The talkdate column is a date data type. At least I got that right! 
Point 5: OK.
Point 6: doesn’t arise because the DB is empty!
So many thanks (again!)
Mike
Just because you have a php.ini with those settings in it doesn’t mean that php is using them. You must check using a phpinfo() statement, as written, if those setting are actually being set and used by php. If you have never seen any php runtime errors from any code, these settings are likely not being used.
The point of about the sql query statement having overall single-quotes, means that the value being used by the database server is literally the string of characters - $ e v e n t d a t e. This is not a date and depending on the database server’s mode, either produces a query error or the value is truncated to the nearest valid value, which would be 0000-00-00, and would result in a row being inserted, assuming nothing else about the table definition is producing an error.
Cheers. I did use phpinfo() and also looked at php.ini just to double-check, and both settings were as you recommended - backed up by the fact that I was getting those scary orange-cell error messages! (scary but necessary of course)
I am going to have a try with the prepared query arrangement you recommended, but for now, if I were to enclose the existing query in double quotes and surround the variables in single quotes, a la:
$sql = "insert into events (talkdate) values ‘$eventdate’ ";
would that work? (I have put a space between the final single quote and the closing double quote for ease of reading)
By the way, if you’re ever in the Norwich area I will buy you a beer for all your help - and patience.
You can always change the quote-type and observe the result.
If you are not getting any php error with the current code and there is no row being inserted, either the code where the query is at is not being executed at all (I would add an echo statement or a print_r($_POST); to confirm) or you may have more then one database and the one being selected for this query is not the one you are looking at to find the row.
OK, me again!
I tried the prepared technique and got a PHP error message saying "call to undefined function prepare. I just checked versions on my webserver: PHP is 7.0.4 and mysql is 5.7.11.
I echoed all the variables from the form and they are all fine, all strings. Offending line is 2nd line below.
$conn = dbconnect(‘admin’);
$stmt = $mysqli>prepare(“insert into events(theplace,talktitle,speaker,talkdate,spkrsite,descr) values(?,?,?,?,?,?)”);
$stmt-> bind_param(“ssssss”,$theplace,$talktitle,$speaker,$thedate,$thesite,$thespiel);
$stmt->execute();
$stmt->close();
$conn->close();
(Above code skeleton from w3 schools example)
Quick update.
Good news: At least when I hit the submit button I get a nice clean page with no error messages!
Bad news: The ‘events’ table is still empty.
Previously PHP was saying (quite reasonably) that $mysqli was undefined. So much for w3 schools! So I searched around and saw how that variable is created (looks like a connection thing): $mysqli = new mysqli(localhost, user name, password, db name); {all in single quote pairs}
Problem solved!!
Put my deerstalker on, magnifying glass out (I dont smoke, so no pipe):
All the fields in the DB were set to ‘not null’. Reversed that setting and all the data is now there!
So many thanks for bearing with me. Your help has been really, really appreciated. I had a heart attack 2 months ago and thought I might be heading for another!
Mike
Is this current date and time? I finally just defined the db as datetime and inital value to current date/time.
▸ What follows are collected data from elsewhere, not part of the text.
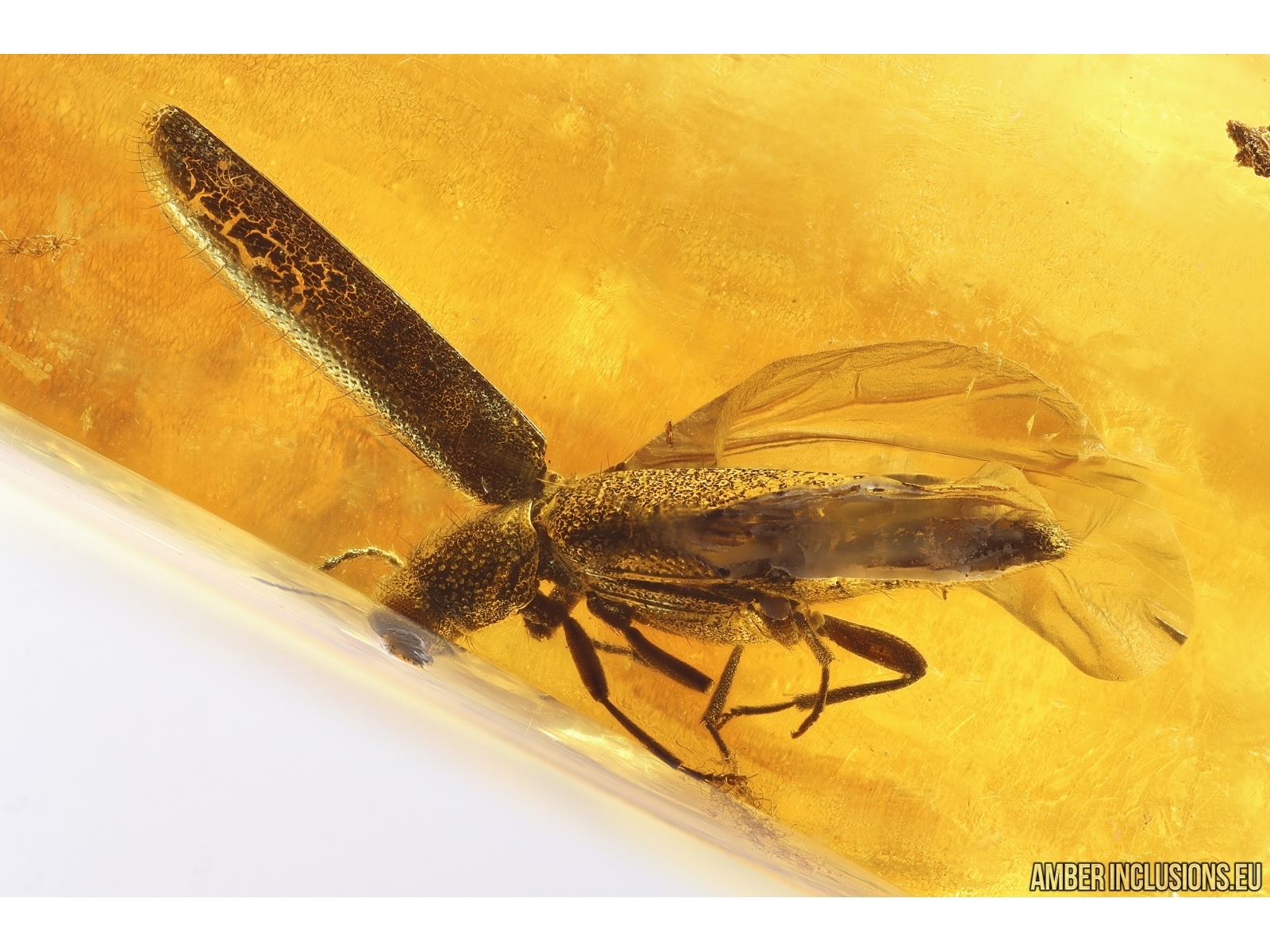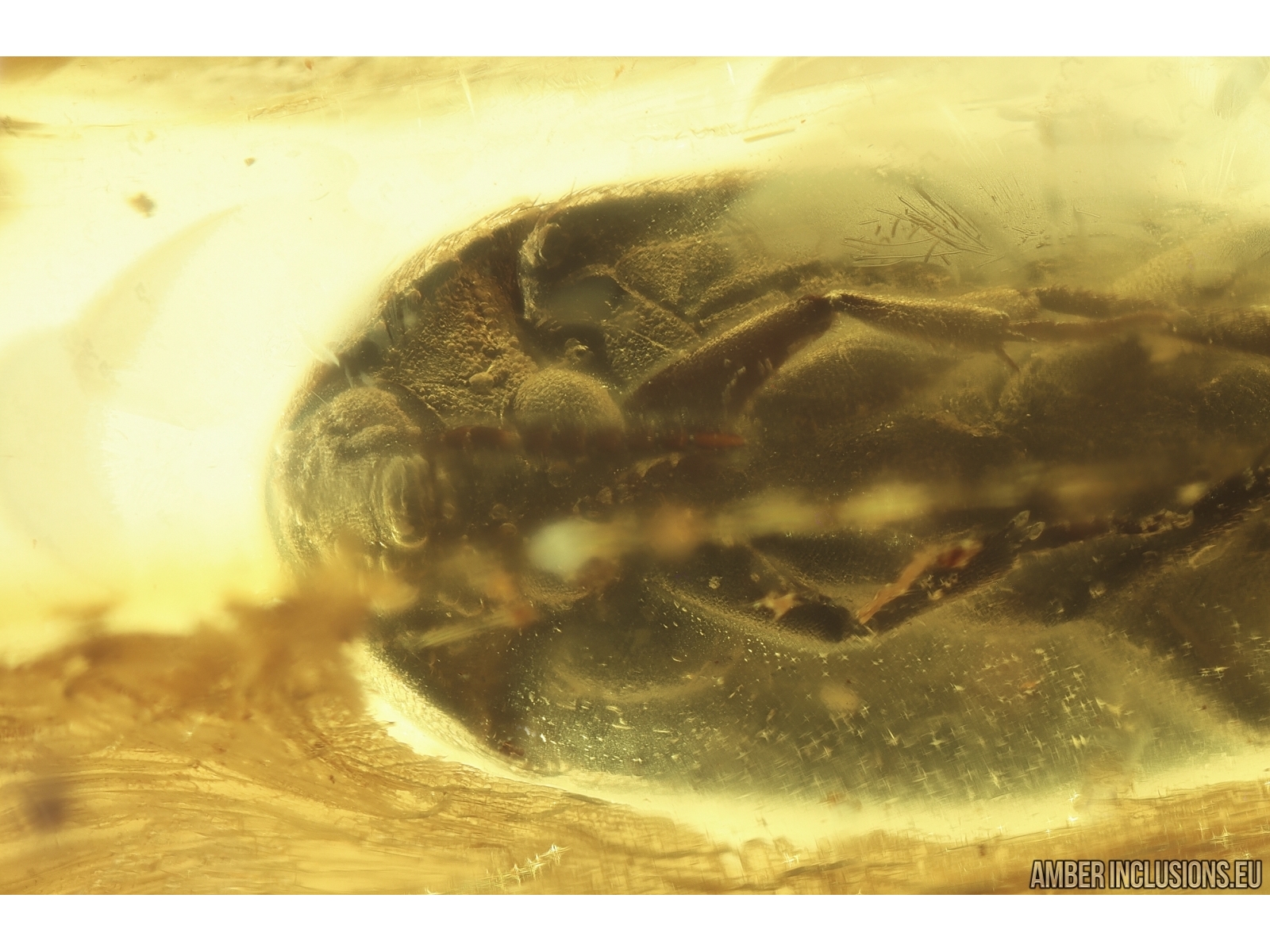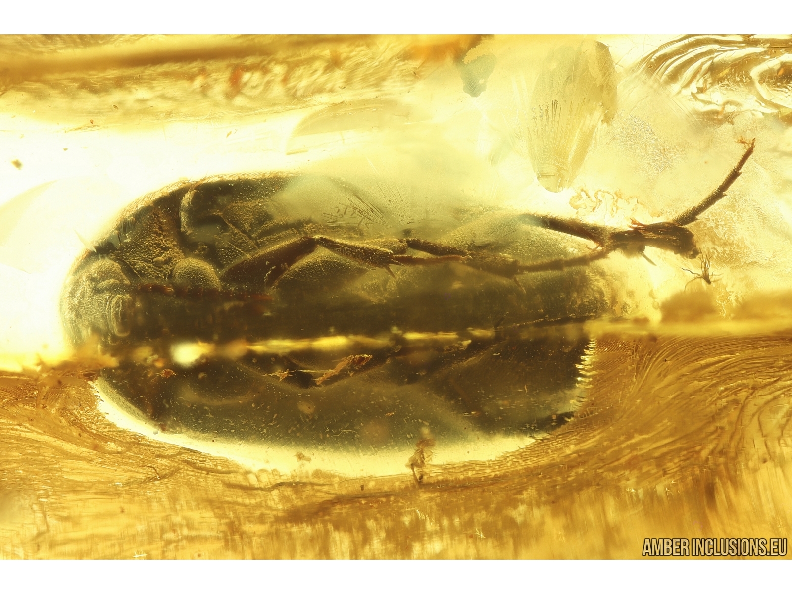 Ukrainian Rovno amber stone with fossil inclusions, trapped 34-56 million years ago -Rare Polypore fungus beetle Tetratomidae Eustrophinae and Checkered beetle Cleridae
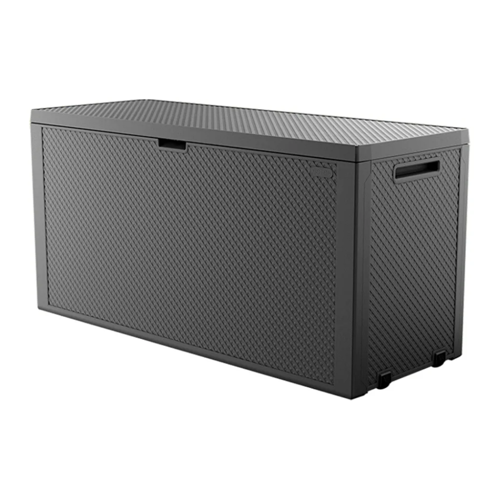 Caixa de armazenamento Emily é ideal para manter pátios ou decks organizados, com capacidade de 277L, acomoda almofadas, brinquedos e materiais de jardinagem. Montagem fácil em minutos sem necessidade de ferramentas especiais e suporta até 80 kg em sua superfície.
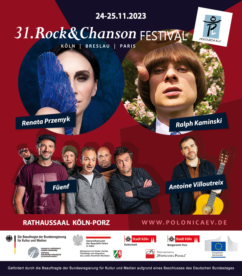 31. Rock&Chanson Festival „Köln-Breslau-Paris“ am 24. 11.und 25.11. 2023 in Köln mit namhaften Künstlern wie RALP KAMINSKI und RENATA PRZEMYK (PL), die A,Cappella Band „Füenf“ (D) und ANTOINE VILLOUTREIX (F) sowie zahlreichen talentierten Jungen Künstlern aus Deutschland, Polen und Frankreich.
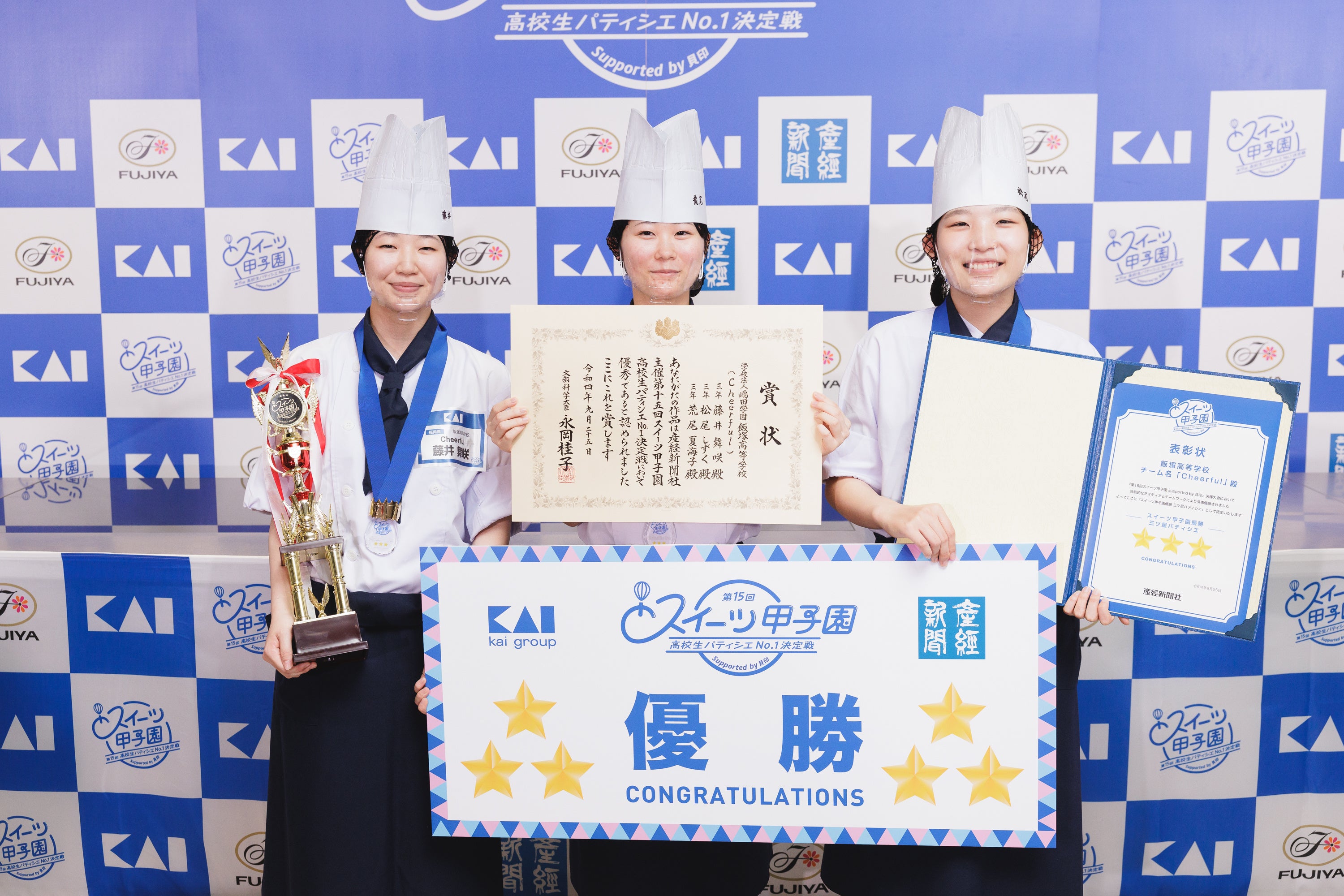 飯塚高等学校「Cheerful(チアフル)」のメンバー3人=写真左=と、作品「Noel blanc(ノエルブラン)」
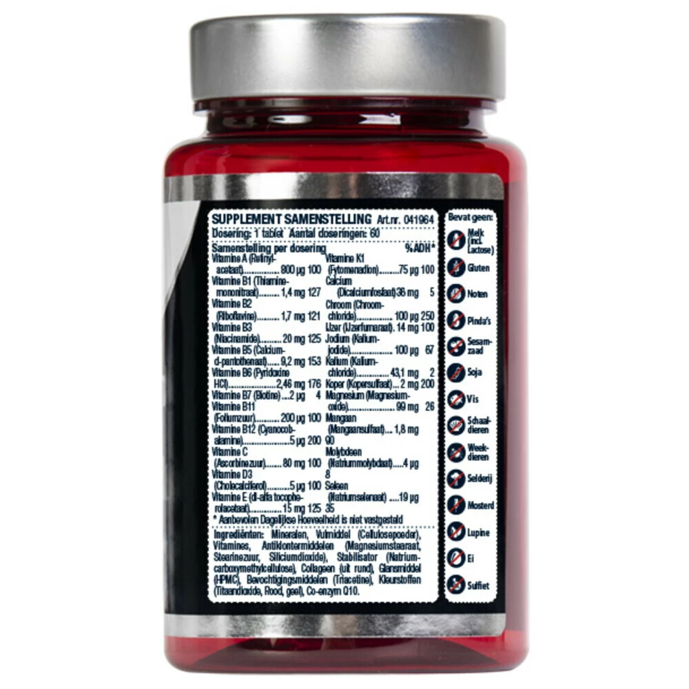 Lucovitaal Collageen Super Compleet +Multi A-ZCollageen Super Compleet +Multi A-Z van Lucovitaal is speciaal gemaakt voor volwassenen en bevat vitamine C. Vitamine C draagt bij aan de vorming van collageen dat helpt om de huid te verstevigen (van binnenuit) en is goed voor het behoud van sterke botten en tanden. Lucovitaal Collageen Super Compleet +Multi A-Z:Vitamine C draagt bij aan het behoud van sterke botten en tandenVitamine E helpt cellen te beschermen tegen invloeden van vervuilingZink

With all the systems and databases that I have worked on, I just found it best just to keep it simple. date as 8 chars, and time as 6 chars.
All these systems have different date/time implementation. It is perfectly fine if you intend to stay with the same stuff. But my last job was with a bank and we exchanged hundreds of thousands files each month with other organizations. So you have to go this way.
date_default_timezone_set('US/CENTRAL');
$ddate = date("Ymd");
$dtime = date("his");
$stmt = $pdo->prepare("INSERT INTO user_post (ddate,dtime,title,content) VALUES ('$ddate','$dtime',?,?)");
The OP’s talkdate field is a user selected/entered (future) event date.